Exercise brief. Apart from the images, repeat the data below exactly as written.

Stored dataset items:

--------------------------------

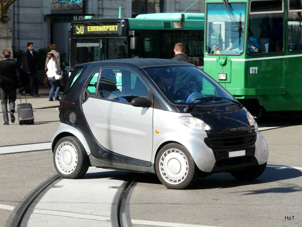 Silber - Schwarzer Smart unterwegs in der Stadt Basel am 04.05.2012
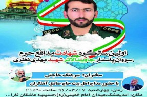 سالگرد شهادت پاسدار شهید مهدی نظری ساعت ۲۱:۳۰ در حسینیه عاشقان ثارالله اندیمشک برگزار میشود.
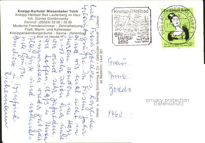 72231654 alte Postkarte Bad Lauterberg Kurhotel Wiesenbeker Teich postalisch gelaufen Erhaltung siehe scans KatCode: 11110003156002
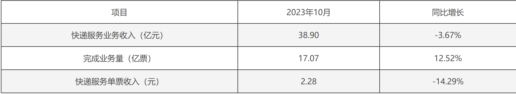 11月19日公告,公司10月快递服务业务收入38.9亿元,同比下滑3.67%。
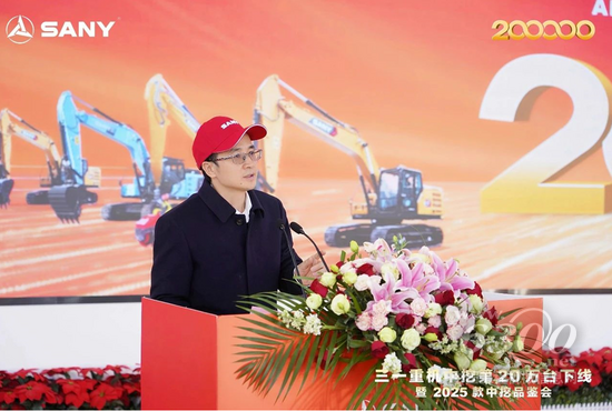 三一集团副总裁、三一重机中挖公司总经理胡奇回顾了三一挖掘机的发展历程和中挖的全球化发展之路。他表示,三一中挖在海外市场不断受到认可,销量持续攀升,三一中挖将时刻牢记“品质改变世界”,以20万台作为新的起点,创造新的辉煌。
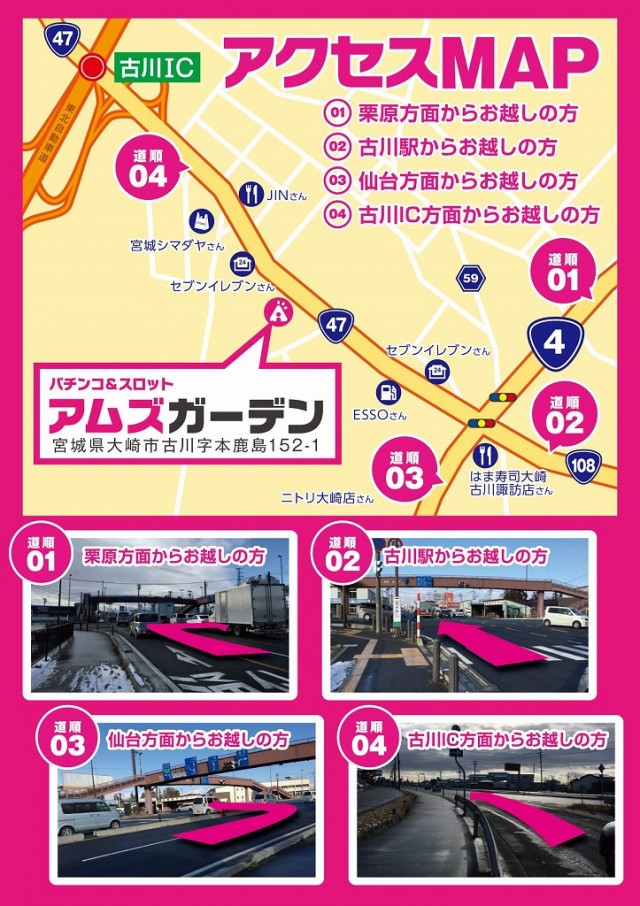 ROUTE01>古川インターを降りて古川方面へ300m、ROUTE02>古川駅から車で約5分 |

--------------------------------

Task answer.
 Silber - Schwarzer Smart unterwegs in der Stadt Basel am 04.05.2012
 سالگرد شهادت پاسدار شهید مهدی نظری ساعت ۲۱:۳۰ در حسینیه عاشقان ثارالله اندیمشک برگزار میشود.
 72231654 alte Postkarte Bad Lauterberg Kurhotel Wiesenbeker Teich postalisch gelaufen Erhaltung siehe scans KatCode: 11110003156002
 11月19日公告,公司10月快递服务业务收入38.9亿元,同比下滑3.67%。
 三一集团副总裁、三一重机中挖公司总经理胡奇回顾了三一挖掘机的发展历程和中挖的全球化发展之路。他表示,三一中挖在海外市场不断受到认可,销量持续攀升,三一中挖将时刻牢记“品质改变世界”,以20万台作为新的起点,创造新的辉煌。
 ROUTE01>古川インターを降りて古川方面へ300m、ROUTE02>古川駅から車で約5分 |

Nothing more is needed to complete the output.